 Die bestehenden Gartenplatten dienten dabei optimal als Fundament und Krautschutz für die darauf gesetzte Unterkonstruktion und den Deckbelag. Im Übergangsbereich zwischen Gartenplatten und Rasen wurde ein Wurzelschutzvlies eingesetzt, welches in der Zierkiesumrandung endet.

---

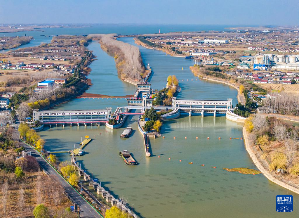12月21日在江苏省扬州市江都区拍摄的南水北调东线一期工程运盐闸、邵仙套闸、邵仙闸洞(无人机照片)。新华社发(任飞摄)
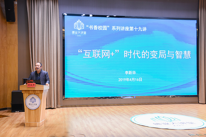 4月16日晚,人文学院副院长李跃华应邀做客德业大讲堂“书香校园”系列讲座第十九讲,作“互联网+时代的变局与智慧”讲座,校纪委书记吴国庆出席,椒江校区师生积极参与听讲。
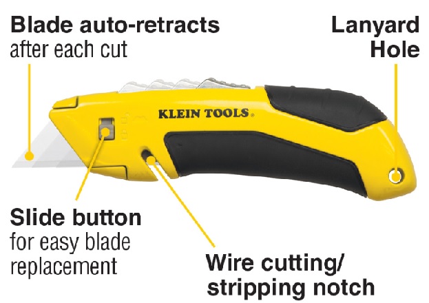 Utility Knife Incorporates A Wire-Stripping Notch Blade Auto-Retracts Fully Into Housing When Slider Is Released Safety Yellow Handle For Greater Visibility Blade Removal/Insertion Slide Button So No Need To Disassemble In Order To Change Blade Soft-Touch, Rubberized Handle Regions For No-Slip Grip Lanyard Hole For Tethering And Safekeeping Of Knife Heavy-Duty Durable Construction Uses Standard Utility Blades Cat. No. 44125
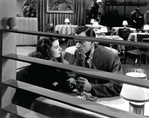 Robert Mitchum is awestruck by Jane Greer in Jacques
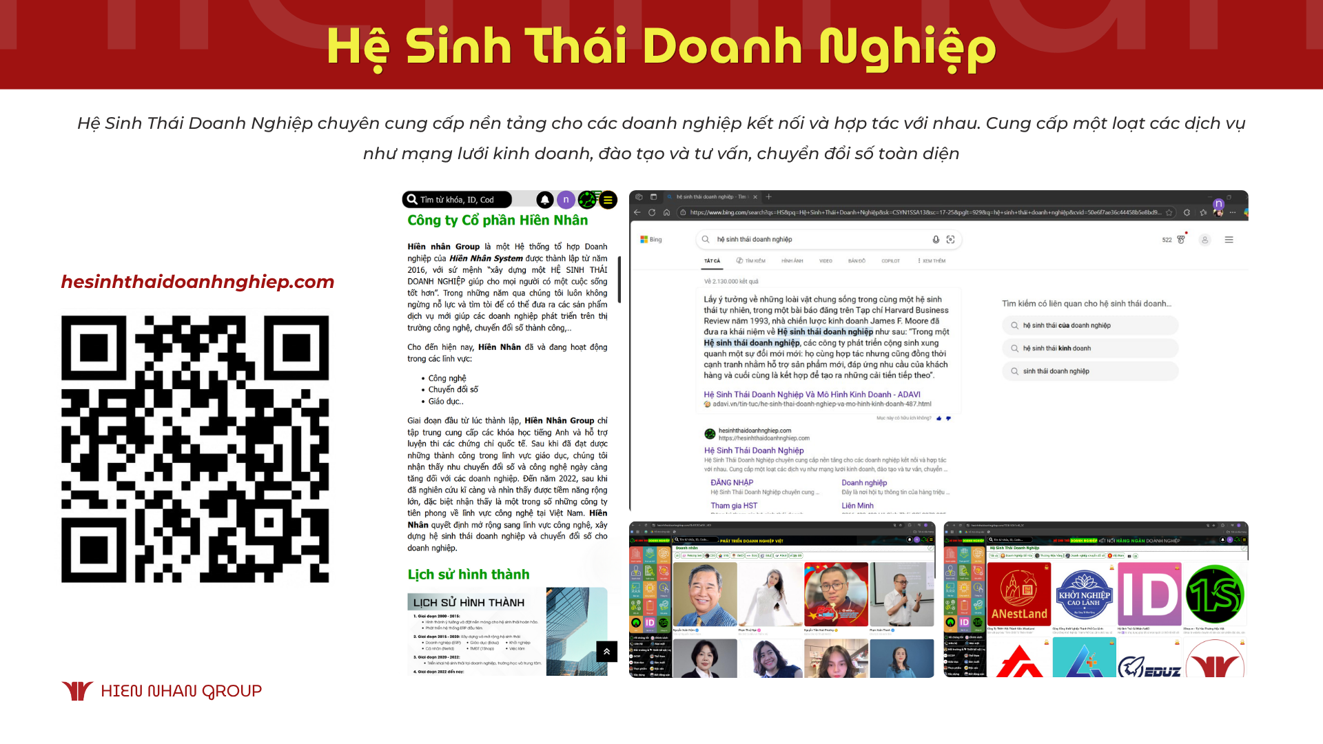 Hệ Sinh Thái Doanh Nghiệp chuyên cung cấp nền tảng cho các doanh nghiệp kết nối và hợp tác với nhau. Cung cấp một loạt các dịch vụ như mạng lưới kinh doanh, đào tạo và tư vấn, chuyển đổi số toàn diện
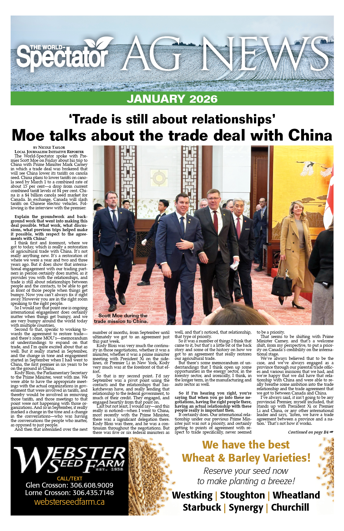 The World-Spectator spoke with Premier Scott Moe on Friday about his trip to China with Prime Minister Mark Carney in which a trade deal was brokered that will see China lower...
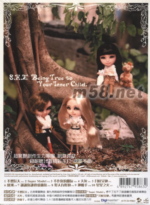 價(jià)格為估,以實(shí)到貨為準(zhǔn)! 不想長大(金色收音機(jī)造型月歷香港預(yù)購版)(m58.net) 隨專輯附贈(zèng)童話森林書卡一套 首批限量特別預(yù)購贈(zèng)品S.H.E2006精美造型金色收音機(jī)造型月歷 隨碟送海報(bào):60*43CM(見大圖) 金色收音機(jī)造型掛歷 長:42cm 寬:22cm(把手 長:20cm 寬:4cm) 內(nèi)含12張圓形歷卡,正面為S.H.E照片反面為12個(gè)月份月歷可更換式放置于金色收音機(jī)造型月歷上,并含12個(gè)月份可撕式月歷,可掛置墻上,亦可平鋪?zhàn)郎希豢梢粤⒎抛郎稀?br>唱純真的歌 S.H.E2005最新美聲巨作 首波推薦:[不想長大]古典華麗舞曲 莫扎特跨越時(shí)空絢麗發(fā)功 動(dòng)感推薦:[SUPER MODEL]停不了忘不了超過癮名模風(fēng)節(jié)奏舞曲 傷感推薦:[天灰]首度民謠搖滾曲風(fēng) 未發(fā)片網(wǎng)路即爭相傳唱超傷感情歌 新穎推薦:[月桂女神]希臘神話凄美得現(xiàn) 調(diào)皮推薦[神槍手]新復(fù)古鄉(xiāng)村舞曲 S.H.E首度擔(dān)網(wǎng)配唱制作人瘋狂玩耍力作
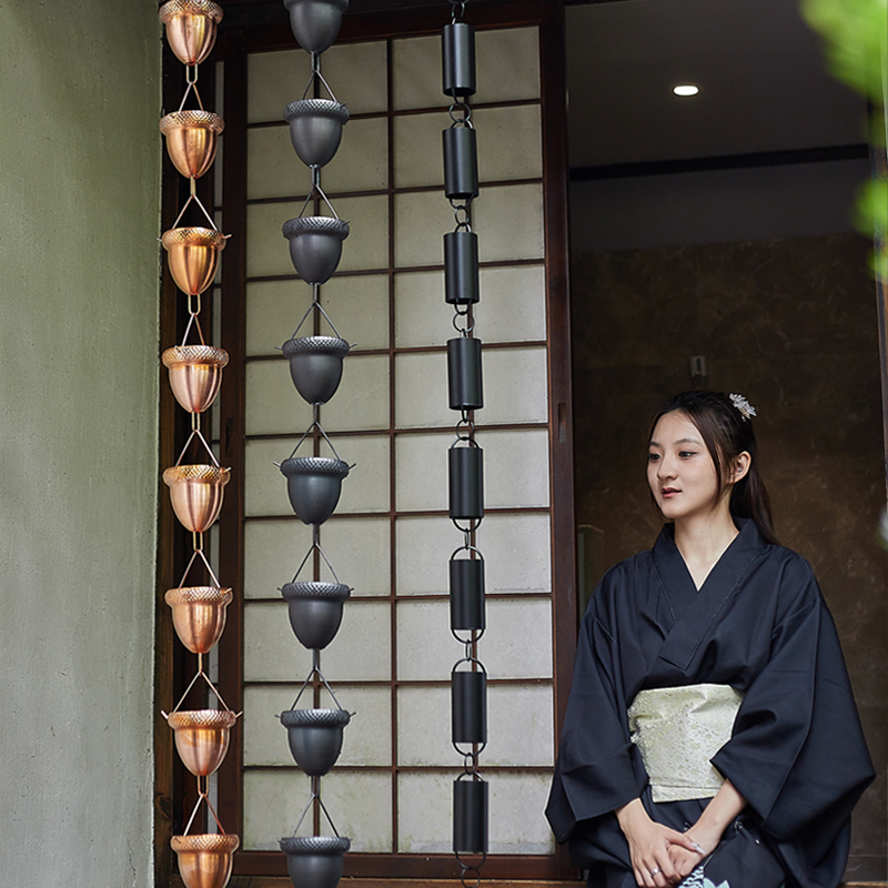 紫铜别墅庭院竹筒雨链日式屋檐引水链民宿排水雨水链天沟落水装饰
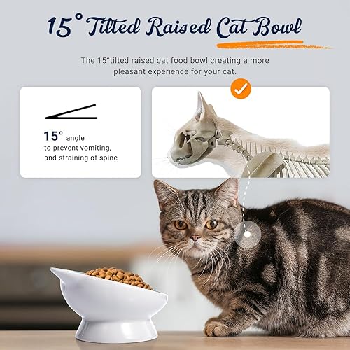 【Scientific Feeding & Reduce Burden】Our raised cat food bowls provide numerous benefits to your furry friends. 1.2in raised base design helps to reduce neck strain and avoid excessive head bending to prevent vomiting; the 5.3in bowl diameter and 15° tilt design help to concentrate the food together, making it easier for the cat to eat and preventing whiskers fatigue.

...

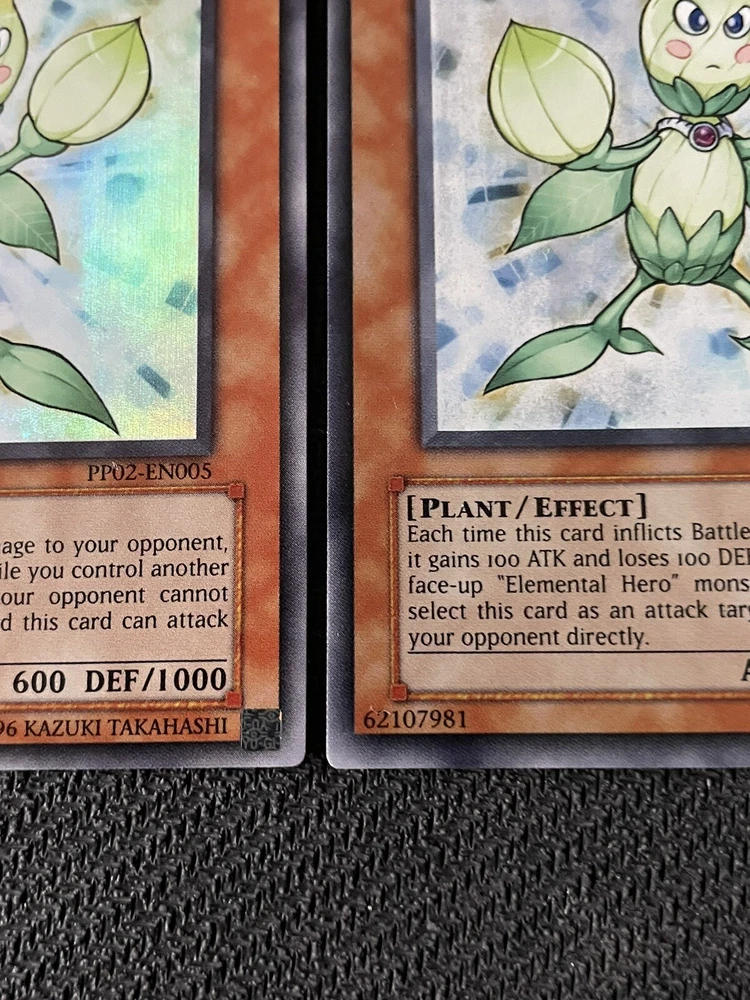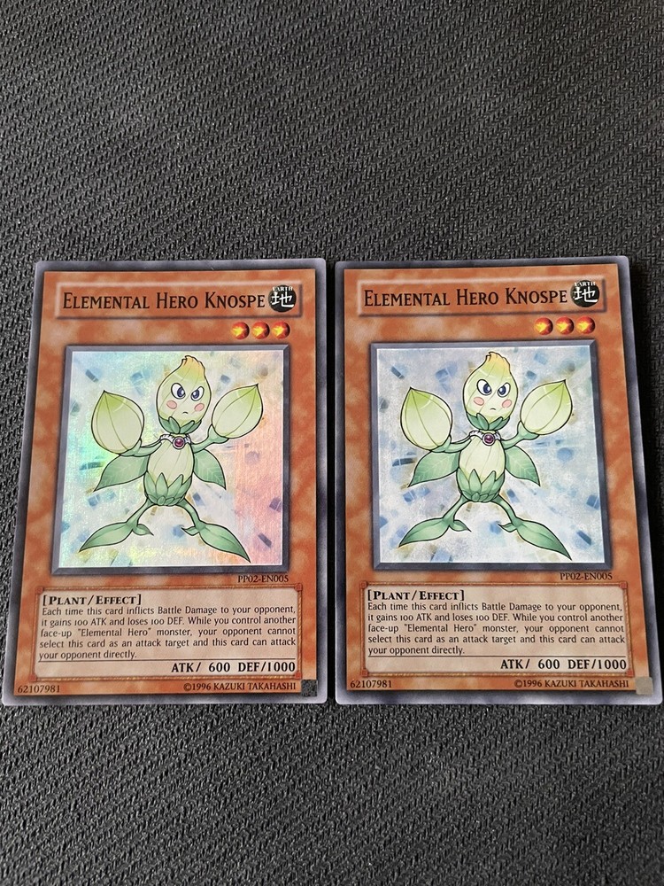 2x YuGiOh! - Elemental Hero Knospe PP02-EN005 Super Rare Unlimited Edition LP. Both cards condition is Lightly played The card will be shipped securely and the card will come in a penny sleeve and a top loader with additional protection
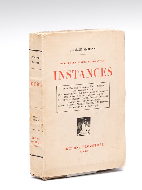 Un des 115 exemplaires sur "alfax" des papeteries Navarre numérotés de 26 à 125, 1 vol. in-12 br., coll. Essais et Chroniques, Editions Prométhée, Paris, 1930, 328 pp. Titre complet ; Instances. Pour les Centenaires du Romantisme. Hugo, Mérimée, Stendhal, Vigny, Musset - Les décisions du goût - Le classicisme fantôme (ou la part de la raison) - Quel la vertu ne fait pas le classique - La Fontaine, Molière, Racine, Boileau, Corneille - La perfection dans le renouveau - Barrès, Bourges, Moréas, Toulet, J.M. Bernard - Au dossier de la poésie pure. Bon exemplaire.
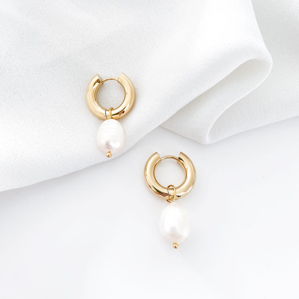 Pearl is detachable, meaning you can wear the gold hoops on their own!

*Assignment*
The data above holds the lines to copy: start at the one with "隨碟送海報(bào):60*43CM(見大圖) 金色收音機(jī)造型掛歷 長:42cm", stop at the one with "preventing whiskers fatigue.", include both, copy them exactly without pictures, and copy nothing else.

*Task output*
 價(jià)格為估,以實(shí)到貨為準(zhǔn)! 不想長大(金色收音機(jī)造型月歷香港預(yù)購版)(m58.net) 隨專輯附贈(zèng)童話森林書卡一套 首批限量特別預(yù)購贈(zèng)品S.H.E2006精美造型金色收音機(jī)造型月歷 隨碟送海報(bào):60*43CM(見大圖) 金色收音機(jī)造型掛歷 長:42cm 寬:22cm(把手 長:20cm 寬:4cm) 內(nèi)含12張圓形歷卡,正面為S.H.E照片反面為12個(gè)月份月歷可更換式放置于金色收音機(jī)造型月歷上,并含12個(gè)月份可撕式月歷,可掛置墻上,亦可平鋪?zhàn)郎希豢梢粤⒎抛郎稀?br>唱純真的歌 S.H.E2005最新美聲巨作 首波推薦:[不想長大]古典華麗舞曲 莫扎特跨越時(shí)空絢麗發(fā)功 動(dòng)感推薦:[SUPER MODEL]停不了忘不了超過癮名模風(fēng)節(jié)奏舞曲 傷感推薦:[天灰]首度民謠搖滾曲風(fēng) 未發(fā)片網(wǎng)路即爭相傳唱超傷感情歌 新穎推薦:[月桂女神]希臘神話凄美得現(xiàn) 調(diào)皮推薦[神槍手]新復(fù)古鄉(xiāng)村舞曲 S.H.E首度擔(dān)網(wǎng)配唱制作人瘋狂玩耍力作
 紫铜别墅庭院竹筒雨链日式屋檐引水链民宿排水雨水链天沟落水装饰
 【Scientific Feeding & Reduce Burden】Our raised cat food bowls provide numerous benefits to your furry friends. 1.2in raised base design helps to reduce neck strain and avoid excessive head bending to prevent vomiting; the 5.3in bowl diameter and 15° tilt design help to concentrate the food together, making it easier for the cat to eat and preventing whiskers fatigue.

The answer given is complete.